5. You have a strong reputation for leading successful campaigns throughout your professional career. What are some of the strategies you use that have contributed to your success?

Thank you for saying that. I believe strongly that a lack of curiosity is a dealbreaker for a successful career in communications. If you are not naturally interested in how things work, how companies make money, or how a brand’s values come to life, this profession may just not be for you. One of the ways in which I have grown my ability to build compelling and profitable strategies on behalf of clients is by investing time into getting to know my clients’ business. Doing that – by asking questions, doing the homework, and looking outside the category for inspiration – has given me and my teams the vantage point to bring the best strategic thinking to the table.

My other long-standing belief is to keep an open mind about the brands you partner with. There are a lot of brands out there with an edge or cool factor, but honestly, some of the most rewarding work I’ve done so far has been in relatively traditional or even “boring” categories. Brands that aren’t pressured to be cool in everything they do are often more open to pushing the envelope and punching above their weight. Launching a CSR initiative for RSA Insurance, a long-standing client of APEX PR, that elevated a traditional annual-cheque-donation charity partnership into a bonafide, multi-award-winning road safety advocacy movement has been one of my career highlights.


6. On a final note, what are some of the initiatives that you believe Canadian organizations and corporations should implement to solve the diversity issue?

Now, this is a topic I could discuss endlessly.
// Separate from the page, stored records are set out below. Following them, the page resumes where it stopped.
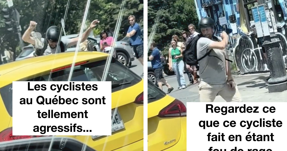 Voici @saabaaby sur TikTok. Cette fille a publié une vidéo où l’on voit un cycliste péter sa coche. Il descend de sa bicyclette et démolit entièrement le miroir d’une auto. Le conducteur reste dans son auto et garde son calme. Voici la vidéo:
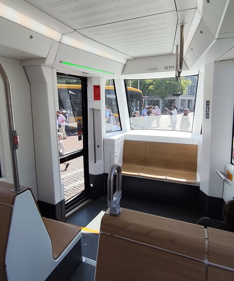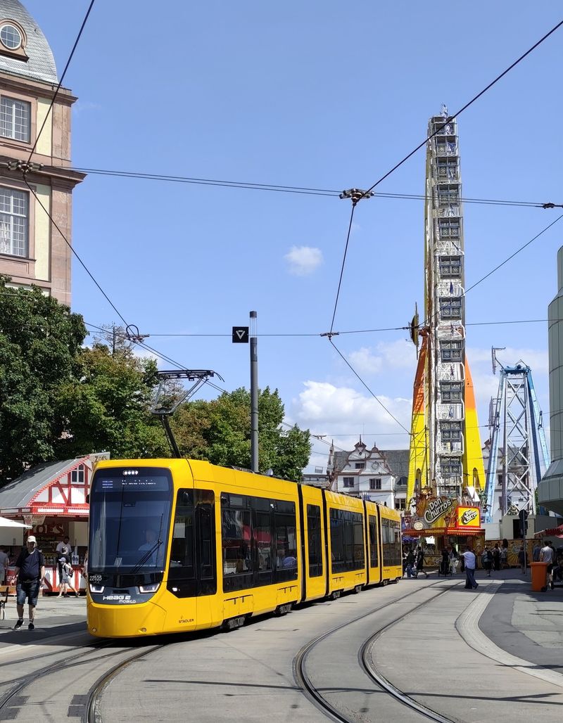 Největší novinkou MHD v Darmstadtu jsou nové pětičlánkové tramvaje Stadler Tina ST15 dlouhé 43 metrů. Původně bylo objednáno 14 tramvají s opcí na dalších 30, zatím jich ale bylo přiobjednáno 11, takže do konce roku 2025 by jich mělo přijít 25. První vozy moderního vzhledu vyjely s cestujícími v roce 2023. Bohužel dodnes je jejich pověst pošramocena problémy s přílišnými vibracemi, které tyto tramvaje přenášejí do okolí a styl se tak terčem kritiky hlavně z řad rezidentů bydlících v těsném okolí tramvajových tratí. Švýcarský výrobce, který nyní dodává stejný typ do německého Halle, však...Největší novinkou MHD v Darmstadtu jsou nové pětičlánkové tramvaje Stadler Tina ST15 dlouhé 43 metrů. Původně bylo objednáno 14 tramvají s opcí na dalších 30, zatím jich ale bylo přiobjednáno 11, takže do konce roku 2025 by jich mělo přijít 25. První vozy moderního vzhledu vyjely s cestujícími v roce 2023. Bohužel dodnes je jejich pověst pošramocena problémy s přílišnými vibracemi, které tyto tramvaje přenášejí do okolí a styl se tak terčem kritiky hlavně z řad rezidentů bydlících v těsném okolí tramvajových tratí. Švýcarský výrobce, který nyní dodává stejný typ do německého Halle, však problémy řeší a nyní testuje upravené podvozky, které by měly nežádoucí efekty zmírňovat. Nové klimatizované tramvaje přinášejí vyšší kapacitu oproti stávajícím tříčlánkovým tramvajím a nahrazují soupravy těchto vozů i s vleky.
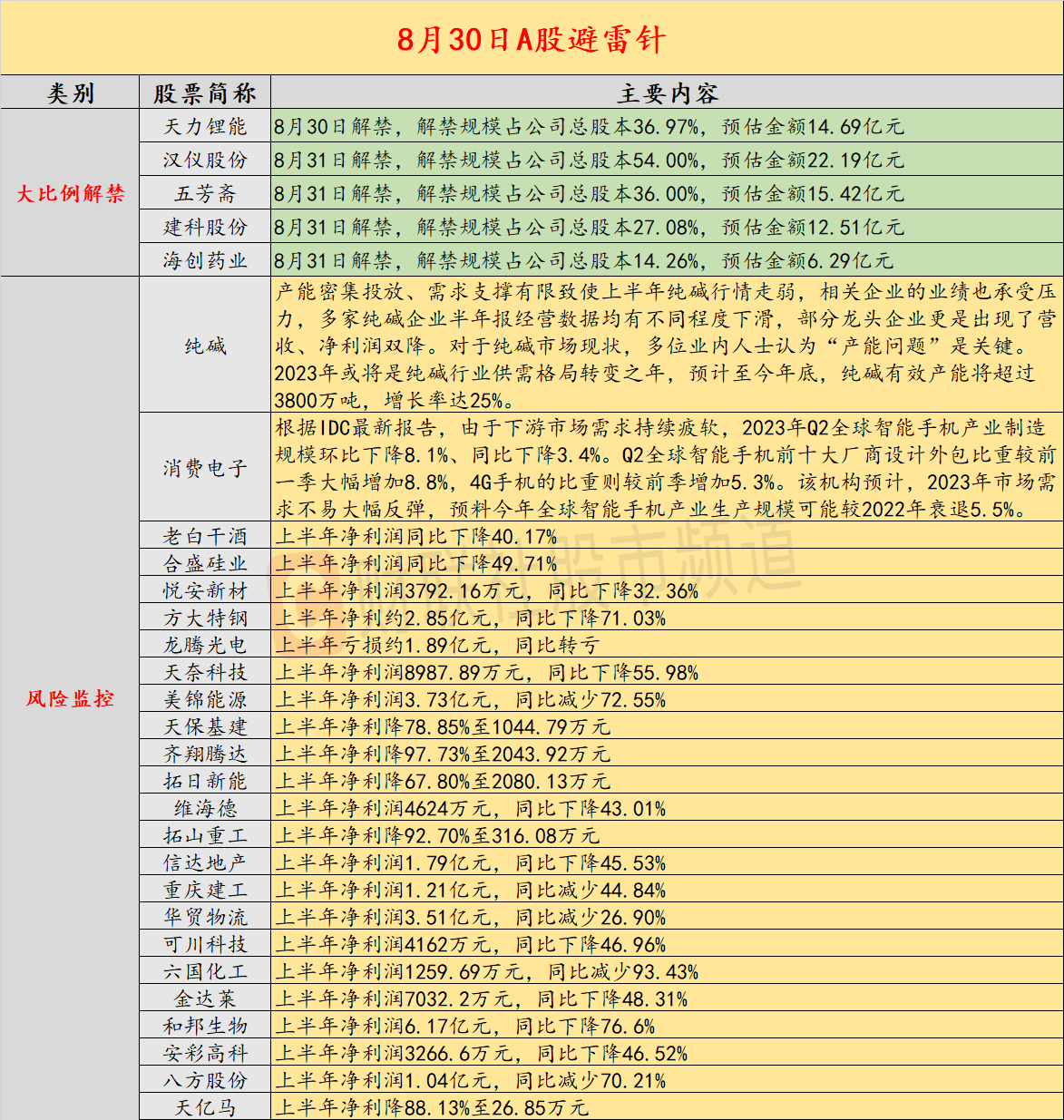 昨日没有公司发布减持公告;天力锂能、汉仪股份将迎来超三成以上解禁;大商所对黄大豆2号期货相关合约实施交易限额;老白干酒上半年净利润同比下降40.17%;需求追不上产能,多家纯碱企业中报业绩承压;合盛硅业上半年净利润同比下降49.71%;芝加哥农产品期货普跌下跌。
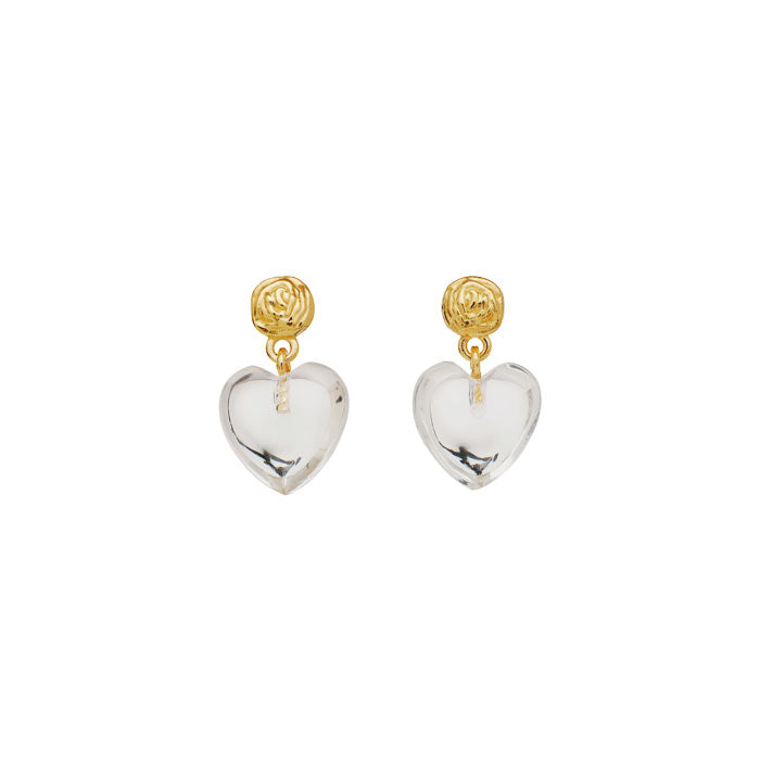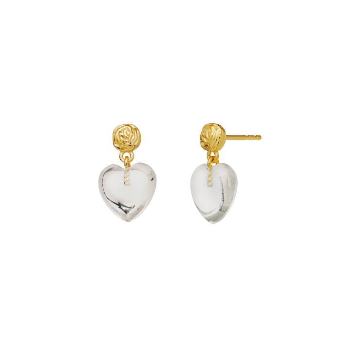 De elegante Lemona Petite Øreringe i Forgyldt Sølv fra Maanesten kombinerer et fint hjerteformet krystalvedhæng med en stilren rose. Med deres subtile 15 mm diameter tilfører de et romantisk og livsbekræftende touch til ethvert look.

The first step towards change is that we need to reframe diversity and inclusion. Diversity is a fact – often driven by macroeconomics and the multicultural nature of the Canadian population today. The harder work lies in creating inclusive and equitable workplaces.

Inclusion is the foundation for diversity, The problem with obsessing about diversity is that it can quickly translate into a tactic and result in short-term change. On the other hand, if you as a business leader committed to taking on the hard work around inclusion, then diversity will follow.

A few ways organizations can start to create inclusive workplaces include, but are not limited to:

  • Be open to structural change. Diversity and Inclusion need to underscore your operational plans. This pandemic has taught us that overnight structural change is possible to work when the need arises.
  • Get buy-in at all levels. You can’t change corporate culture just at the top of the organization chart. Everyone across the organization has a role to play.
  • Revisit the “chemistry/culture fit.” The final step of agency or personnel interviews often involves looking for sameness – this needs to go. Stop building cookie-cutter teams; instead, look for complementary skills. There’s strength in diversity.
  • Track your progress. Set clear inclusion goals and build them into annual corporate benchmarks as well as individual employee performance reviews.
  • Align your internal and external communications. If you’re rallying to build an inclusive workplace, bring your external partners along the journey. They will want to know and you could inspire them to consider change within their own workplaces.